- Education: King's College London
- Employer: Novo Nordisk
- Known for: Medicine Pharmaceutical Science

= Avideh Nazeri =

Iranian endocrinologist

Avideh Nazeri is an Iranian endocrinologist who is director of clinical, medical, and regulatory for Novo Nordisk UK and Ireland.

== Education ==
Nazeri dreamed of becoming an air hostess as a child, but was encouraged by a teacher to study medicine. She trained in medicine at King's College London GKT School of Medical Education.

== Career ==
In 2008, Nazeri joined Novo Nordisk in Iran, before working in their global affairs department in Denmark. As global medical director she was in charge of the research portfolio on modern insulins aspart and semaglutide. In 2013 Nazeri became head of medical affairs in Canada, where she launched Key Opinion Leader (KOL) engagement and learning programmes within their medical affairs group. In October 2016 Nazeri was appointed as director of Novo Nordisk and worked to build partnerships and drive innovation.

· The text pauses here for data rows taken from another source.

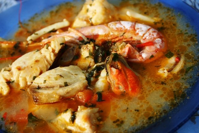Mediterrán halleves, enyhén savanykás, zöld fűszerekkel, finom tenger gyümölcseivel isteni!
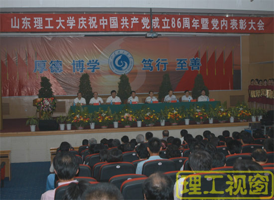本站讯 6月29日下午,山东理工大学庆祝中国共产党成立86周年暨党内表彰大会在3号教学楼报告厅隆重举行,校领导都光珍、张宗新、贺连春、张元利、谭秀森、杜瑞成、张宇声、姚德出席大会。会议由党委副书记张宗新主持。
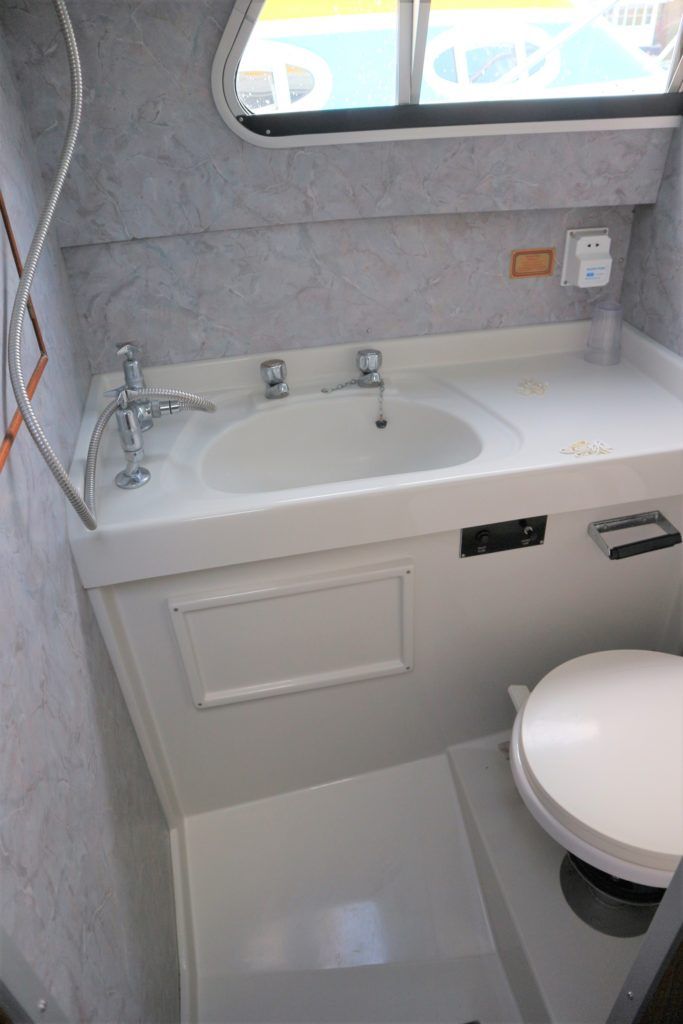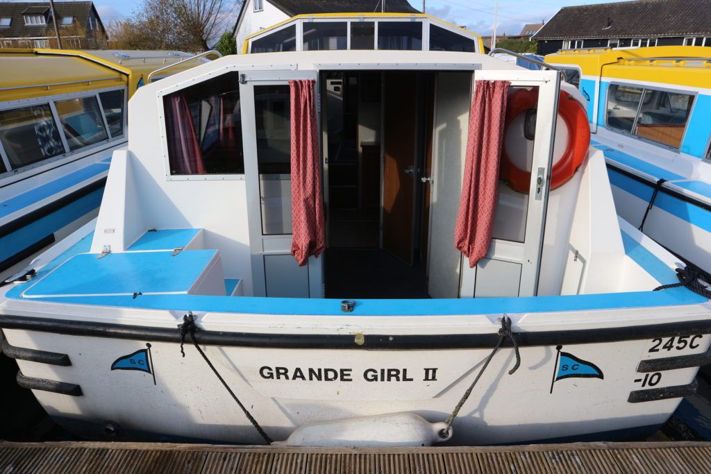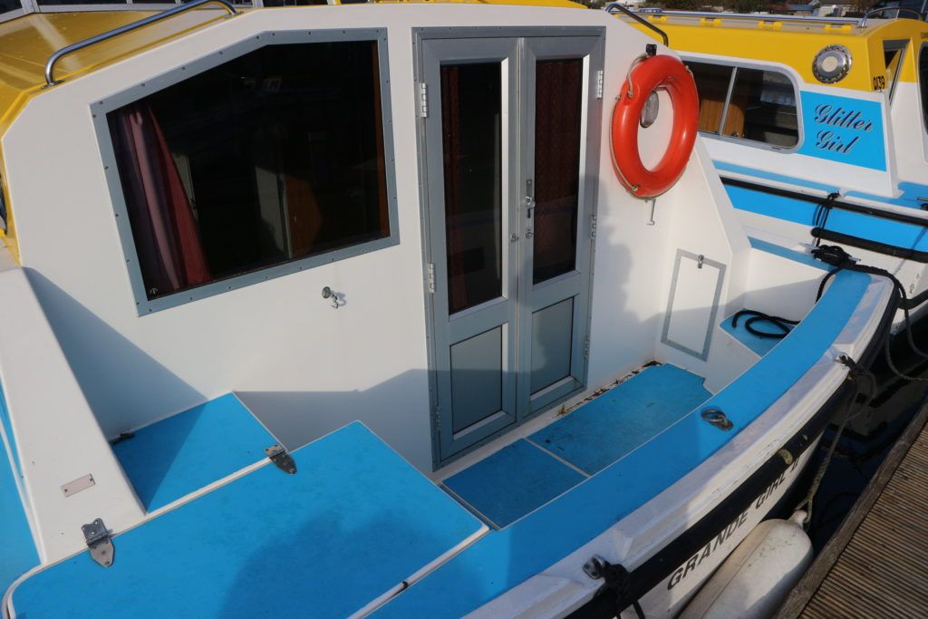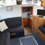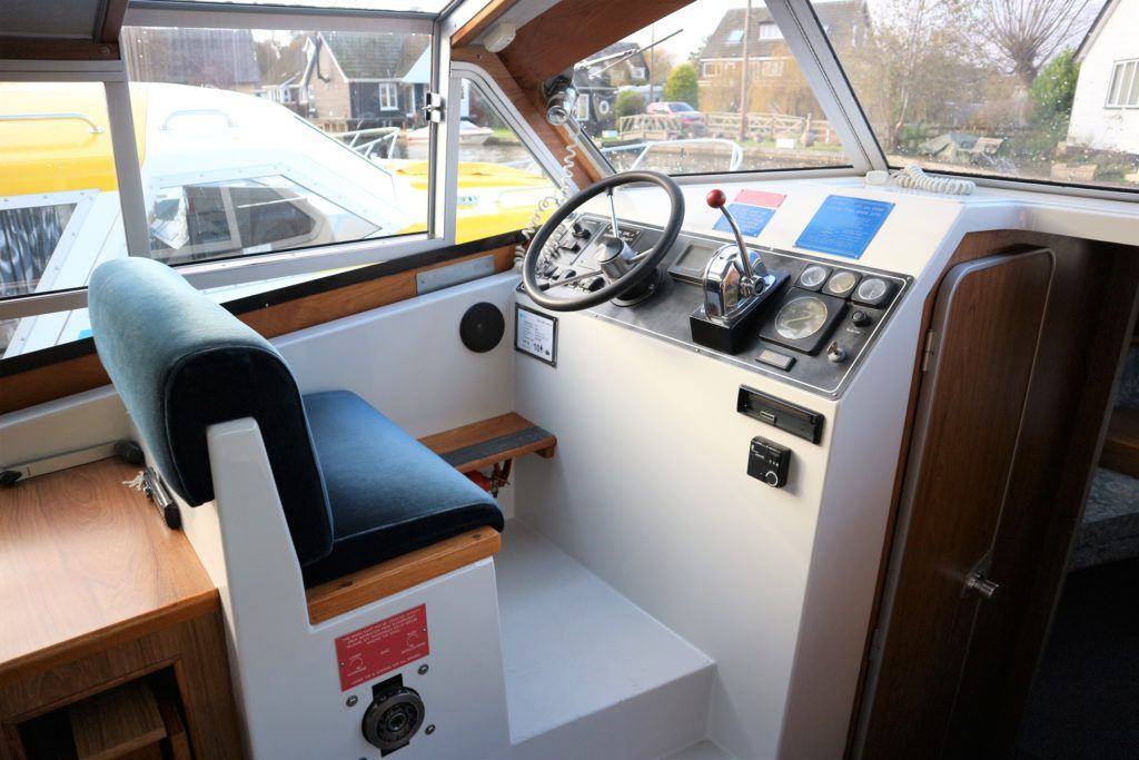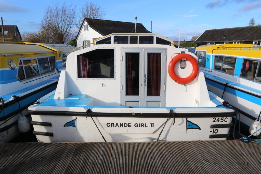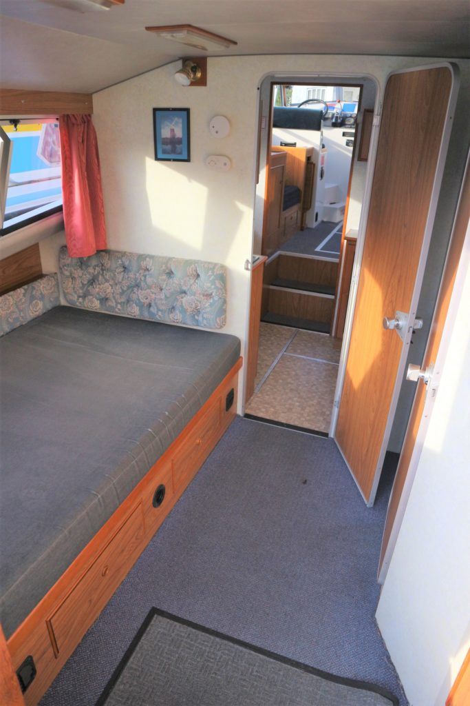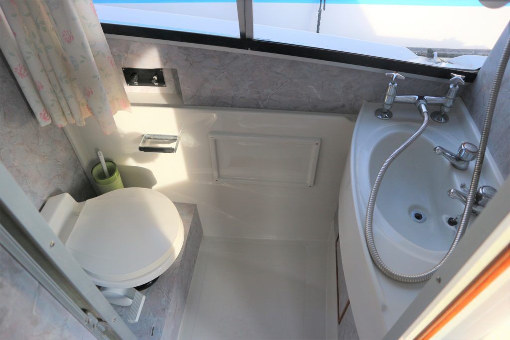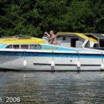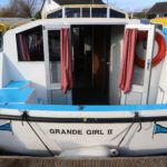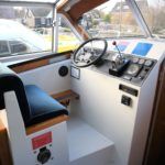 AQUAFIBRE PEARL 38 – 1996 – Powered by a Nanni 6.280HE 59hp diesel engine. Built by Brister craft. 5 berth accommodation over 3 cabins and saloon with 2 x toilet/shower compartments, one being en-suite. Full width fitted galley with 4 burner hob, oven, grill, fridge & microwave. Specification including Bow thruster, shore power, battery charger, inverter, depth log, warm air heating, winch operated sliding canopy with side door, folding screens. A well fitted family cruiser with a spacious raised central saloon and large galley, ideal for extended cruising. A great opportunity to acquire a well cared for ex hire cruiser.
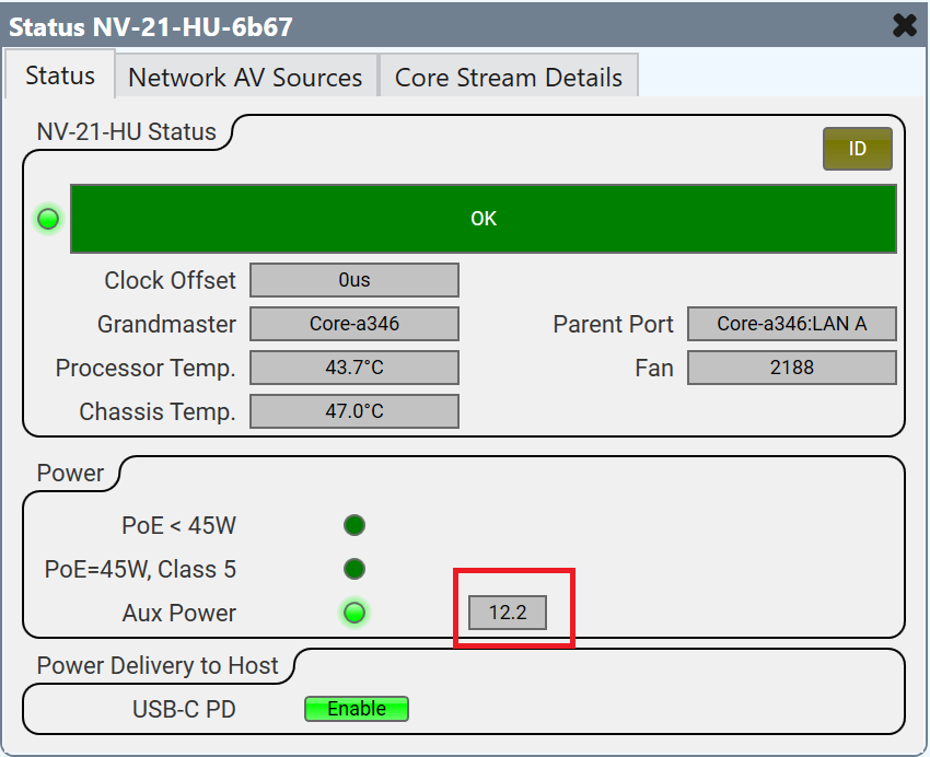The NV-21-HU Status component provides detailed information about the NV-21-HU, including hardware health, network AV source details and statistics, Q-SYS Core audio streaming details (if applicable), and USB audio and video bridging details (if enabled).
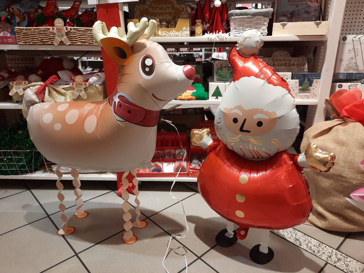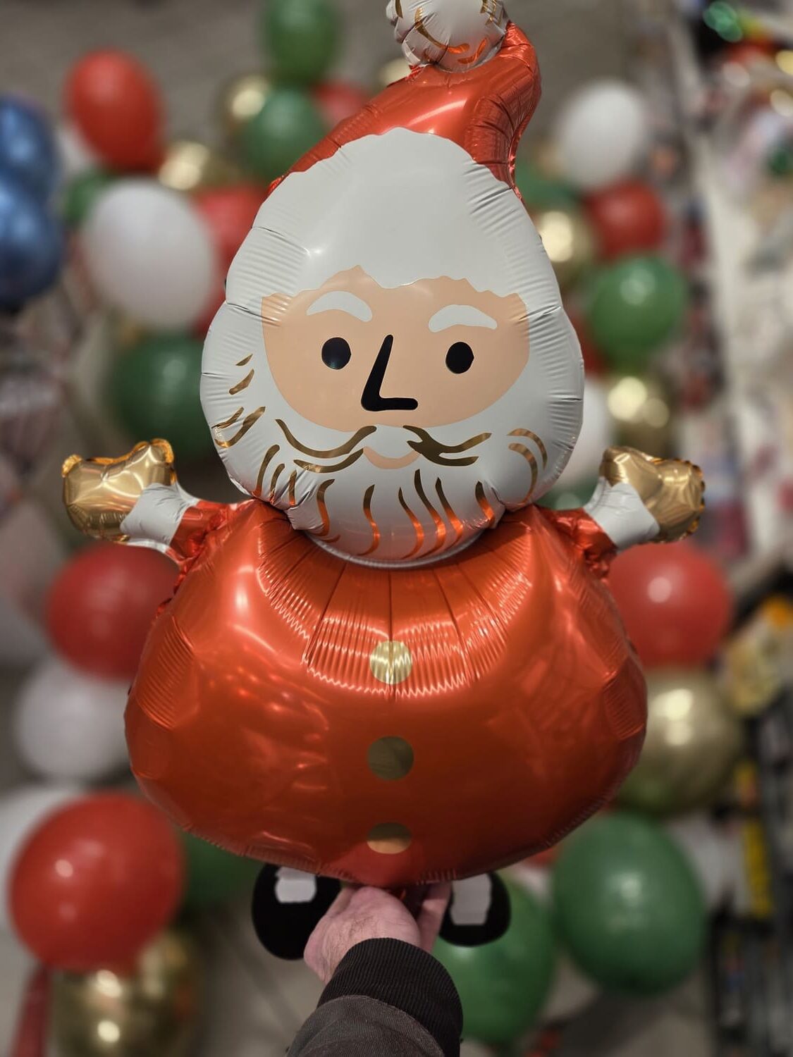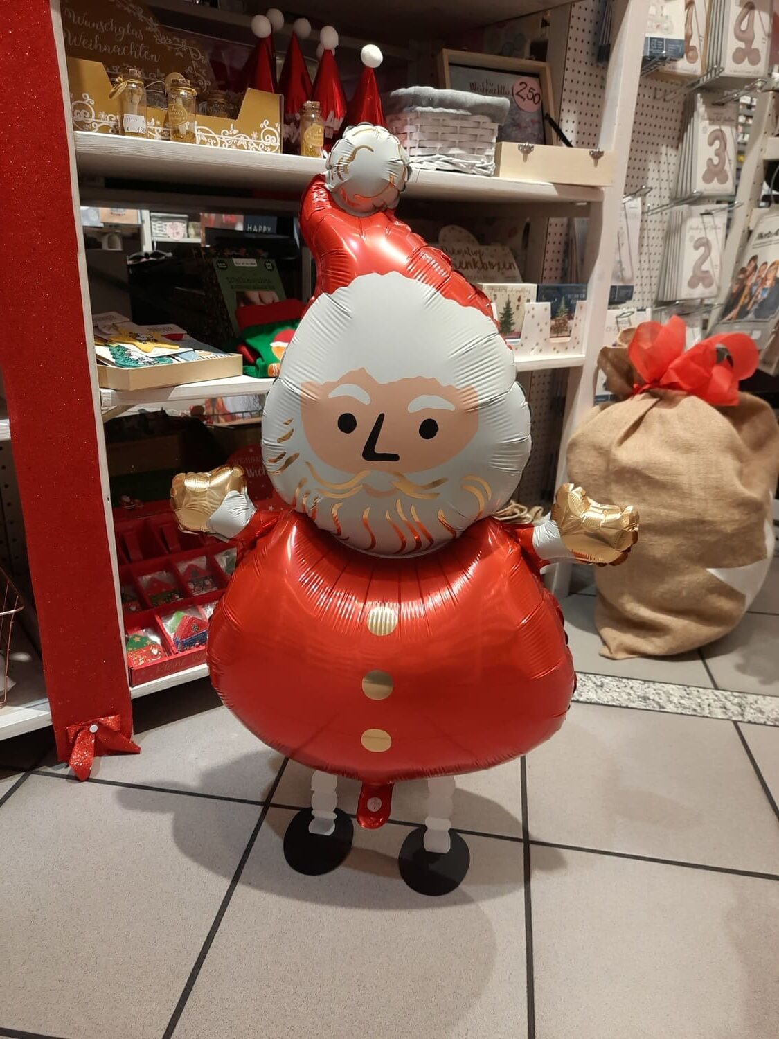 Airwalker Santa Claus. Größe etwa 60 cm. Schwebezeit ca. 5-7 Tage. Bleibt am Boden stehen. Bei Abholung mit Helium gefüllt.
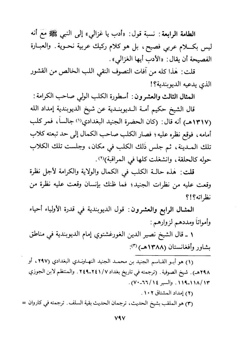 1 - قال الشيخ نصر الدين الغورغشتوي إمام الديوبندية في مناطق بشاور وأفغانستان (1388هـ) :
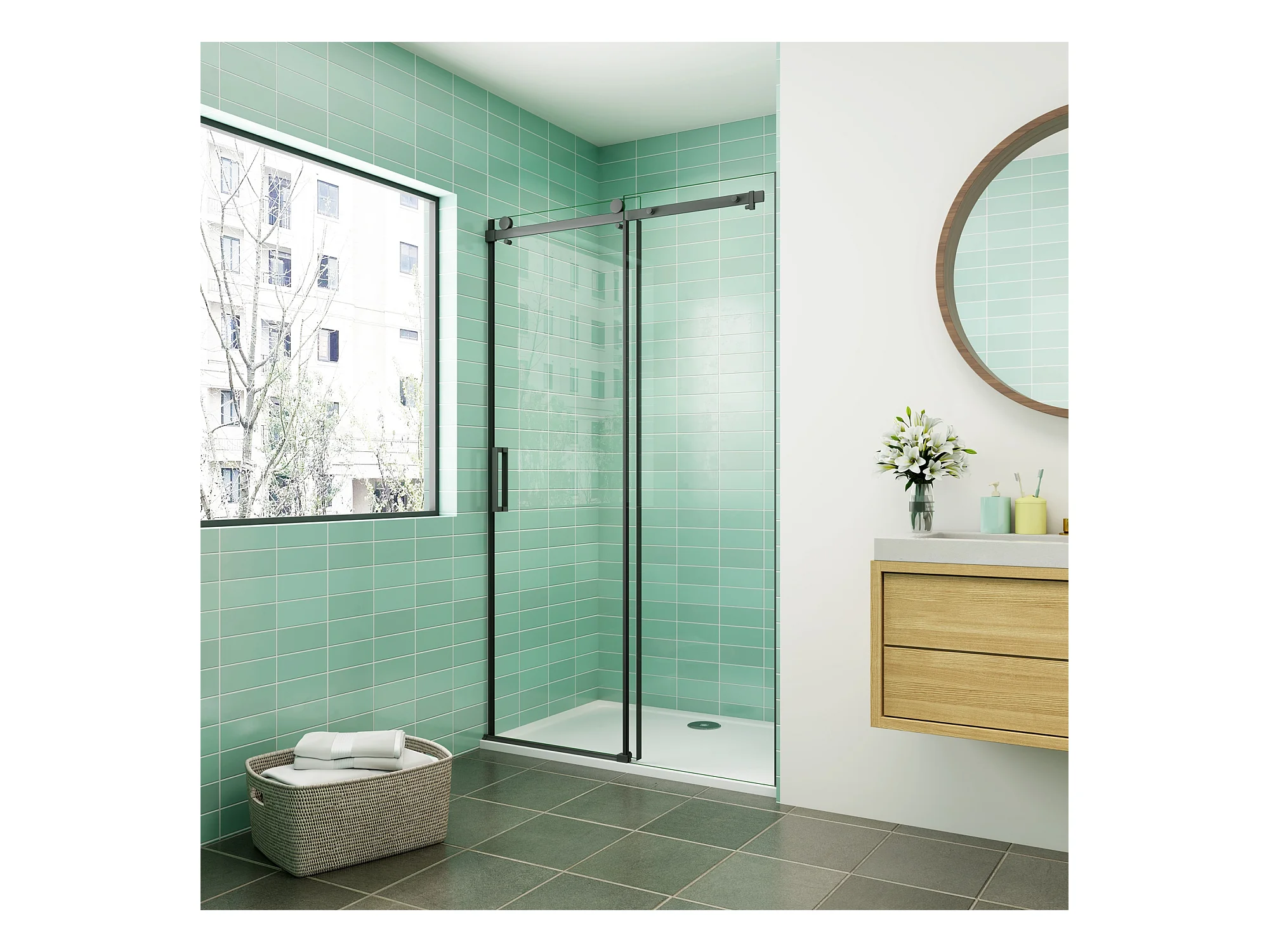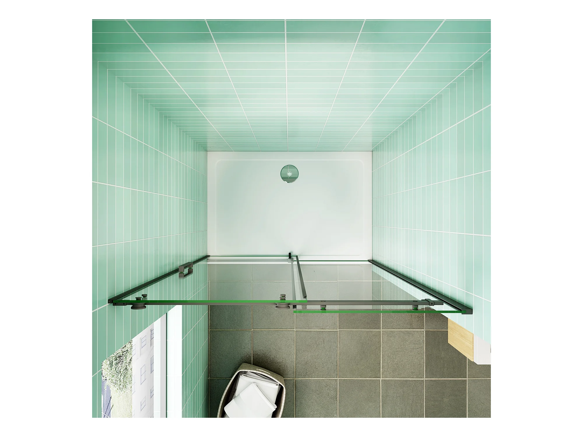 Porta de duche correr frontal Perfil preto mate Vidro temperado 8mm com tratamento anti-calcário (1360-1400)x2000mm-AICA
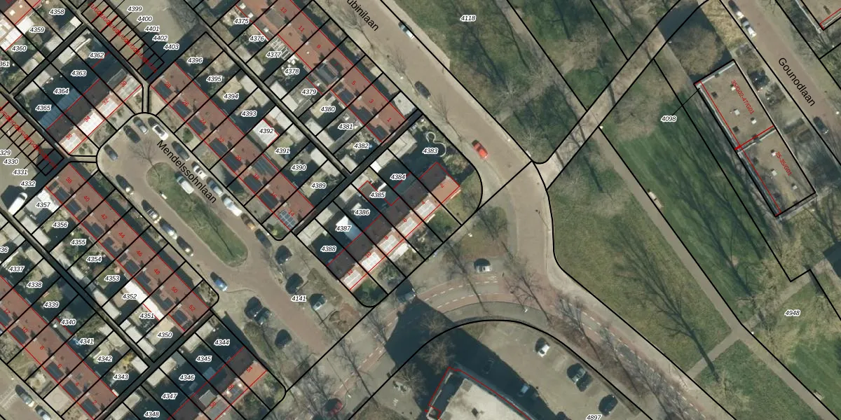 Mendelssohnlaan 4 is gelegen op kadastraal perceel GTL01D4384. Deze kadastrale aanduiding is uniek en wordt gebruikt door het Kadaster om eigendomsrechten en andere zakelijke rechten vast te leggen. Het perceel maakt onderdeel uit van de kadastrale gemeente Gestel.
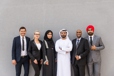 Portrait of confident business team standing in office. Multiethnic group of business people.
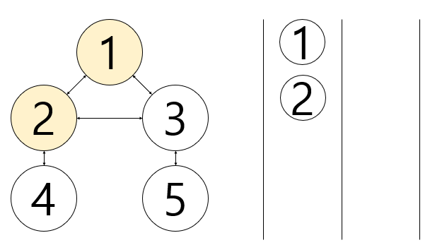 그 후 인접 노드 2를 스택에 넣어주고 방문처리를 해주었습니다.
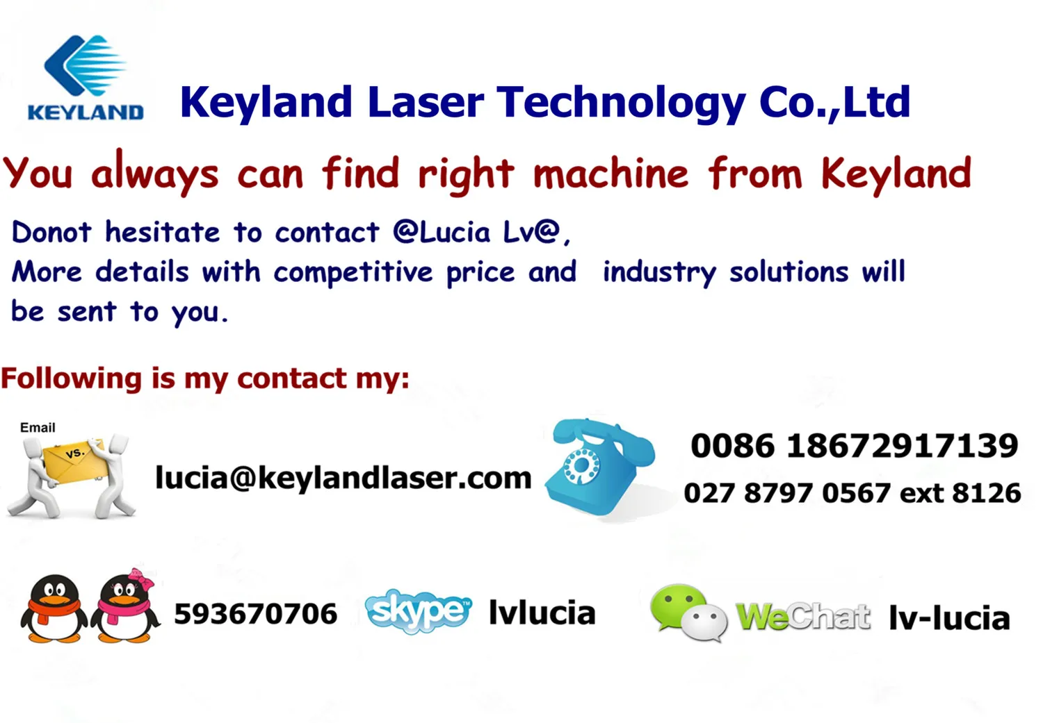 Email:lucia (at)keylandlaser.com
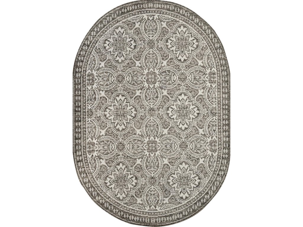 Koberec Flat tmavě šedé barvy s ornamentálním květinovým vzorem. Koberec se řadí mezi bukláky neboli tkané koberce bez vlasu, snadno se udržuje a je odolnější proti otlačení. Koberec má oválný tvar.
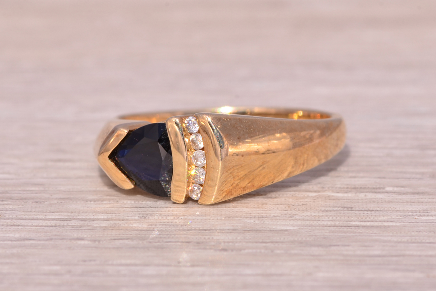 The Sapphire Ascent: Natural Sapphire and Diamond Ring in Yellow Gold

Nazeri has expressed concern about the lack of awareness around the health risks of diabetes mellitus type 2, especially with regards to the development of cardiovascular disease. In 2017 Nazeri urged the public to return faulty insulin cartridge holders in the NovoPen Echo and NovoPen 5 devices, which were found to break when exposed to household cleaning agents. Under her leadership, the organisation has expanded treatment options for patients with diabetes. It was reported that Novo Nordisk's insulin degludec was the most cost-effective diabetic treatment. She launched Fiasp, a new fast acting insulin, which improves blood sugar levels after meals by working twice as quickly in the bloodstream.

Nazeri has contributed to Pharmaceutical Journal.